ZIM’s commitment to professional conduct in financial management world-wide has resulted in the Code of Ethics for World-wide Financial Officers. In addition to being bound by the provisions of ZIM’s Code of Business Conduct, the CEO and the CFO, Treasurer and other senior financial officers performing similar functions who have been identified by the CEO (collectively, the “World-wide Financial Officers”) are subject to the following additional specific policies (collectively referred to as the “Code of Ethics”):

  1. The CEO and all World-wide Financial Officers are responsible for full, accurate, timely and understandable disclosure in the reports and documents that the Corporation files with, or submits to, the Securities and Exchange Commission and in other public communications made by the Corporation. Accordingly, it is the responsibility of the CEO and each World-wide Financial Officer promptly to bring to the attention of the Disclosure Committee any material information of which he or she may become aware that affects the disclosures made by the Corporation in its public filings.

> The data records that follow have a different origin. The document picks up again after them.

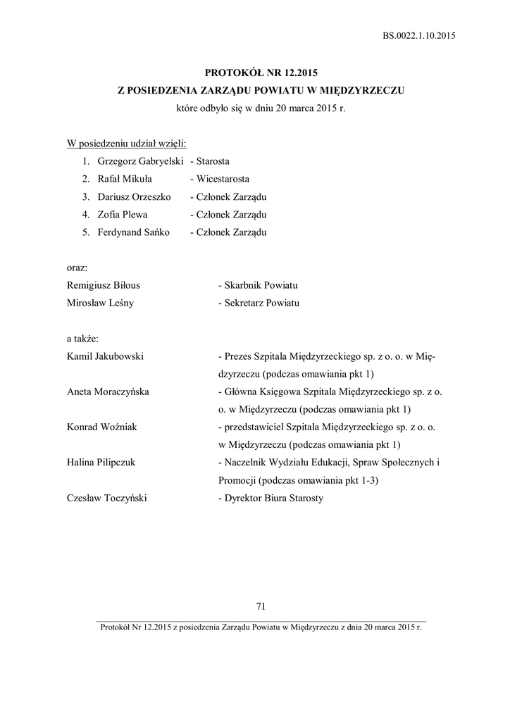 71 PROTOKÓŁ NR 12.2015 Z POSIEDZENIA ZARZĄDU POWIATU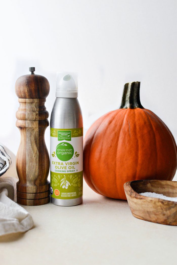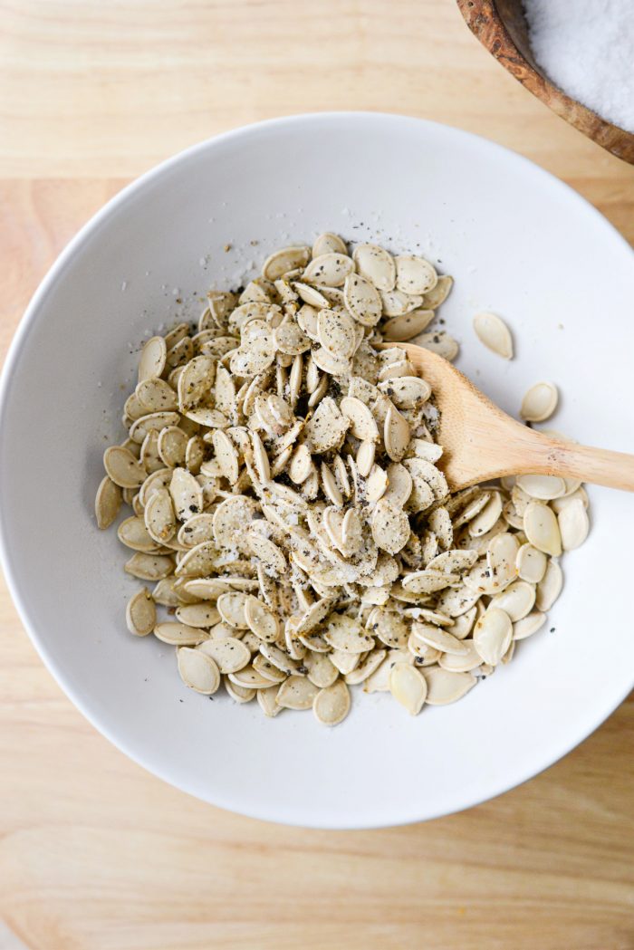 - Spray the dried pumpkin seeds with olive oil spray and season with kosher salt and freshly ground black pepper.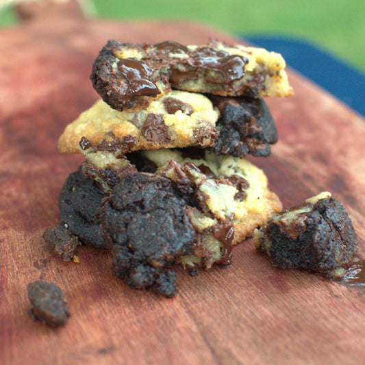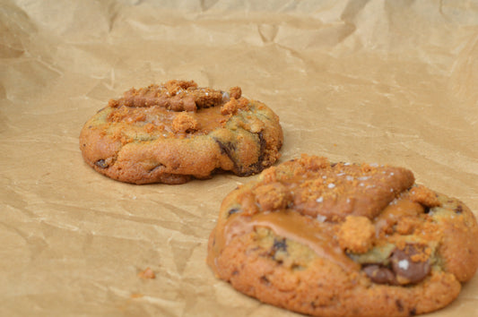 Checkout our chocolate lovers cookie box! Full of delicious flavors including a brown butter chocolate chip & toffee, brookie cookies & cream, classic chocolate chip, and a double chocolate salted caramel cookie. These dozen cookies take our classic flavors and add a little extra indulgence to kick it up a notch!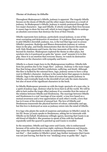 Finally, Iago uses Cassio and Desdemona to make Othello think and suspect that Desdemona is cheating on him. Iago gets Cassio drunk so he will get in a fight because he wants Cassio to be in trouble with Othello and while that is happening he knows Desdemona will intervene and try to help Free othello essay on jealousy. Iago is willing to exploit everyone just to get even with Othello proving that jealousy can actually lead humans to abandon their logic.

  2. The CEO and each World-wide Financial Officer shall promptly bring to the attention of the CEO any information he or she may have concerning (a) significant deficiencies in the design or operation of internal controls which could adversely affect the Corporation’s ability to record, process, summarize and report financial data or (b) any fraud, whether or not material, that involves management or other employees who have a significant role in the Corporation’s financial reporting, disclosures or internal controls.
  3. The CEO and each World-wide Financial Officer shall act with honesty and integrity in the performance of his or her duties at the Corporation, shall comply with laws, rules and regulations of federal, state and local governments and other private and public regulatory agencies that affect the conduct of the Corporation’s business and the Corporation’s financial reporting.
  4. The CEO and each World-wide Financial Officer shall promptly bring to the attention of the CEO any information he or she may have concerning evidence of a material violation of the securities or other laws, rules or regulations applicable to the Corporation and the operation of its business, by the Corporation or any agent thereof, or any violation of this Code of Ethics.
  5. The CEO and each World-wide Financial Officer shall avoid actual or apparent conflicts of interest between personal and business relationships, such as holding a substantial equity (1% of a public company’s outstanding stock), debt, or other financial interest in any competitor, supplier or customer of the Corporation, or having a personal financial interest in any transaction involving the purchase or sale by the Corporation of any products, materials, equipment, services or property, other than through Corporation-sponsored programs. Any such actual or apparent conflicts of interest shall be brought to the attention of the CEO.
  6. The Board of Directors shall determine, or designate appropriate persons to determine, appropriate actions to be taken in the event of violations of this Code of Ethics by the CEO and the Corporation’s World-wide Financial Officers. Such actions shall be reasonably designed to deter wrongdoing and to promote accountability for adherence to this Code of Ethics, and may include written notices to the individual involved that the Board has determined that there has been a violation, censure by the Board, demotion or re-assignment of the individual involved, suspension with or without pay or benefits and termination of the individual’s employment.
  7. The CEO and each World-wide Financial Officer will respect the confidentiality of information acquired in the course of one’s work and will not use the information for personal advancement.
  8. The CEO and each World-wide Financial Officer will achieve responsible use of and control over all assets and resources employed and entrusted to them.

The Audit Committee of the Board of Directors shall consider any request for a waiver of this Code and any amendments to this Code, and all such waivers or amendments shall be disclosed promptly as required by law.